Ramius misleadingly uses a peer group meant for compensation benchmarking, despite specific disclosure to the contrary. Zoran’s actual peer group3 consists of similarly-sized, fabless, consumer ASSP companies that more closely reflect Zoran’s business and operations.

Contrary to Ramius’ argument that Zoran’s stock has underperformed “over almost any extended time period,” the fact is that, prior to our 2010 underperformance, Zoran significantly outperformed its peer group.

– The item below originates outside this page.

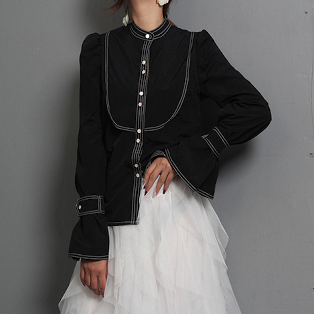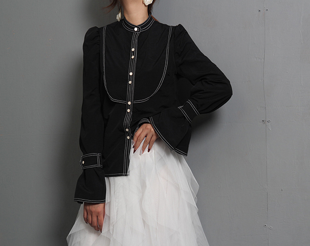ステッチやベルスリーブなどが印象的で華やかな雰囲気の長袖フリルシャツです。

Using the appropriate peer group, Zoran has experienced:

 

 

1-year outperformance of 50%: for the year ended December 2009, Zoran was up 62% while our peer group median was up 12%

 

 

3-year outperformance of 42%: over a 3 year period ended December 2009, Zoran was down only 24% while our peer group median was down 66%

 

 

5-year outperformance of 64%: over a 5 year period ended December 2009, Zoran was down only 5% while our peer group median was down 69%

 

 

From a longer-term perspective, for the 10-year period ended February 4, 2011, Zoran’s enterprise value was up 84% while our peer group median was down more than 60%4

RAMIUS HAS BEEN A DISRUPTIVE PRESENCE AND WE BELIEVE ITS PLAN WILL NOT WORK

While Ramius asserts that it has a “Better Plan,” the truth is that other than the exit of DTV and STB it offers strategies or objectives that are identical to what Zoran is already pursuing and makes only vague commitments to “deliver positive results,” “establish a best-in class financial performance vision,” and “realize the full potential of the business.”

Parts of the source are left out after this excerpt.